BEGIN PROVIDED RECORDS

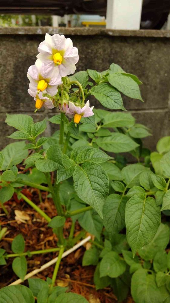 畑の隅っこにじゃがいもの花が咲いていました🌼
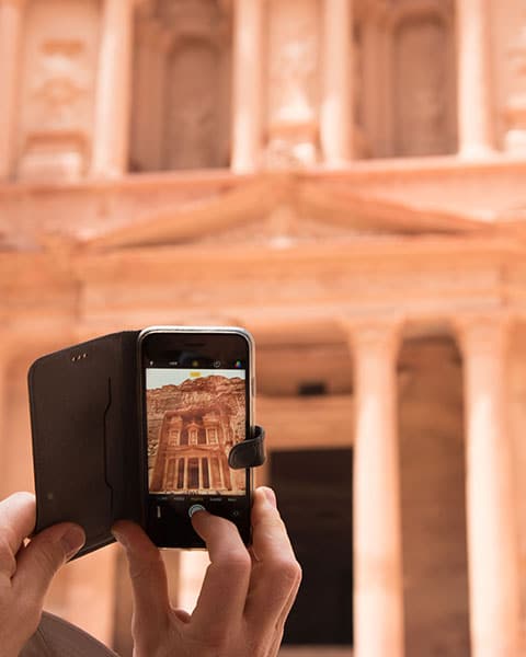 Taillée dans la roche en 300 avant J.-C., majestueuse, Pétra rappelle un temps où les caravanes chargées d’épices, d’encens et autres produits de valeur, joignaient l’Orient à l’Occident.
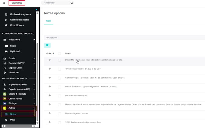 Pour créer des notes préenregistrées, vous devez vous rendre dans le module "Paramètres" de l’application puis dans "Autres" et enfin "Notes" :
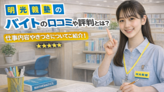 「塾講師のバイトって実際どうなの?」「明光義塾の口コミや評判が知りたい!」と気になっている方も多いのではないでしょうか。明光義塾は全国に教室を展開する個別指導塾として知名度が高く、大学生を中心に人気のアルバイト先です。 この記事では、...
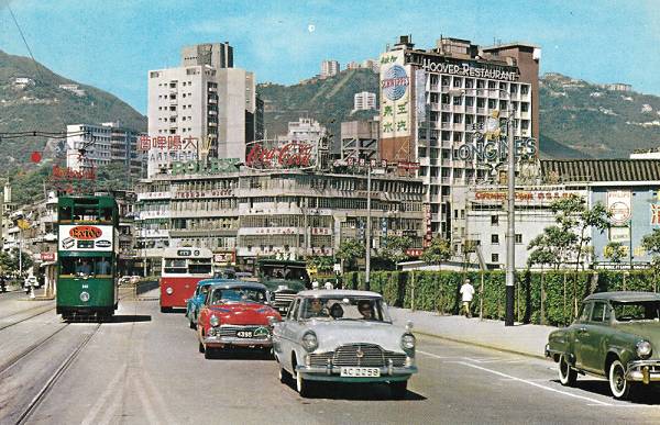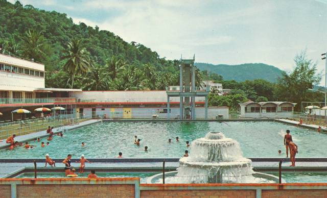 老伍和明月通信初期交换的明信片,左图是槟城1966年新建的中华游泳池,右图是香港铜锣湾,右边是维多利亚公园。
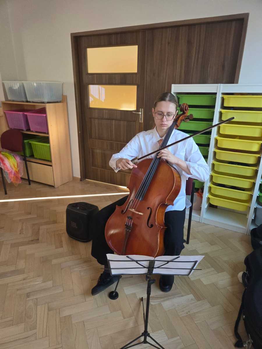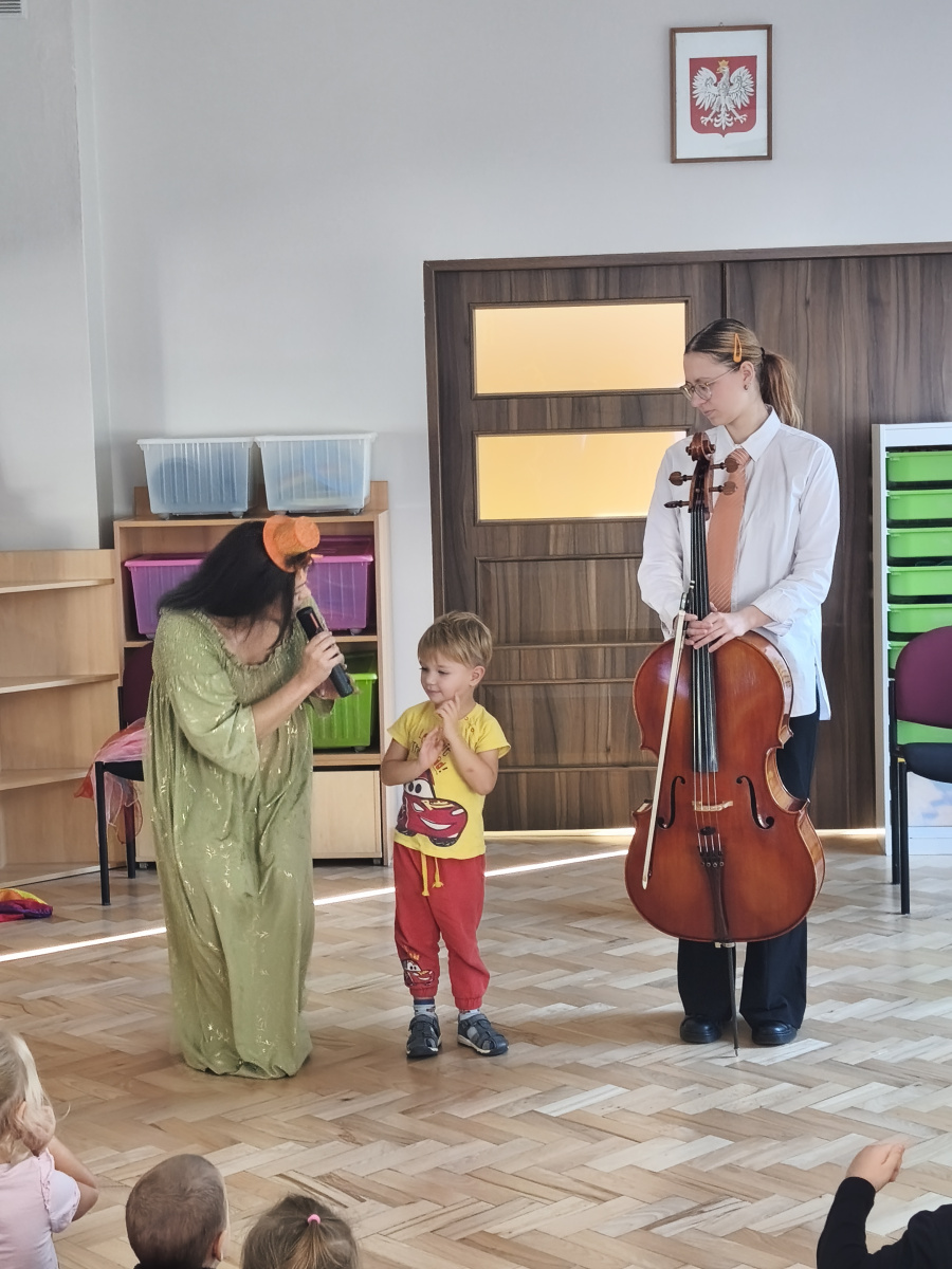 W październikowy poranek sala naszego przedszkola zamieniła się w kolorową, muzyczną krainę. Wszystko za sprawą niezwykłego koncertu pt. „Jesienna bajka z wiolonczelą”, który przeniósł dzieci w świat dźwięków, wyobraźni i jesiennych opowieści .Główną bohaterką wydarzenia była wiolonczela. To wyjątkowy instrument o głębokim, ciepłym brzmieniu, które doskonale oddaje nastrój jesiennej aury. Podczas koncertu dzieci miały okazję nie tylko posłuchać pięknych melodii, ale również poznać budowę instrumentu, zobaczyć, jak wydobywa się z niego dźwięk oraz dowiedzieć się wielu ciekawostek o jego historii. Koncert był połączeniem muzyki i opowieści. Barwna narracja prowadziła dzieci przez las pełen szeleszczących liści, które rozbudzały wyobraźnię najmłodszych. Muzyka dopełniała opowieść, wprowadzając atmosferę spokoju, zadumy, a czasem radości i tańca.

END PROVIDED RECORDS

**ASSIGNMENT**: Your answer must be an exact copy of every entry, with no pictures in it.

**REPLY**:
 畑の隅っこにじゃがいもの花が咲いていました🌼
 Taillée dans la roche en 300 avant J.-C., majestueuse, Pétra rappelle un temps où les caravanes chargées d’épices, d’encens et autres produits de valeur, joignaient l’Orient à l’Occident.
 Pour créer des notes préenregistrées, vous devez vous rendre dans le module "Paramètres" de l’application puis dans "Autres" et enfin "Notes" :
 「塾講師のバイトって実際どうなの?」「明光義塾の口コミや評判が知りたい!」と気になっている方も多いのではないでしょうか。明光義塾は全国に教室を展開する個別指導塾として知名度が高く、大学生を中心に人気のアルバイト先です。 この記事では、...
 老伍和明月通信初期交换的明信片,左图是槟城1966年新建的中华游泳池,右图是香港铜锣湾,右边是维多利亚公园。
 W październikowy poranek sala naszego przedszkola zamieniła się w kolorową, muzyczną krainę. Wszystko za sprawą niezwykłego koncertu pt. „Jesienna bajka z wiolonczelą”, który przeniósł dzieci w świat dźwięków, wyobraźni i jesiennych opowieści .Główną bohaterką wydarzenia była wiolonczela. To wyjątkowy instrument o głębokim, ciepłym brzmieniu, które doskonale oddaje nastrój jesiennej aury. Podczas koncertu dzieci miały okazję nie tylko posłuchać pięknych melodii, ale również poznać budowę instrumentu, zobaczyć, jak wydobywa się z niego dźwięk oraz dowiedzieć się wielu ciekawostek o jego historii. Koncert był połączeniem muzyki i opowieści. Barwna narracja prowadziła dzieci przez las pełen szeleszczących liści, które rozbudzały wyobraźnię najmłodszych. Muzyka dopełniała opowieść, wprowadzając atmosferę spokoju, zadumy, a czasem radości i tańca.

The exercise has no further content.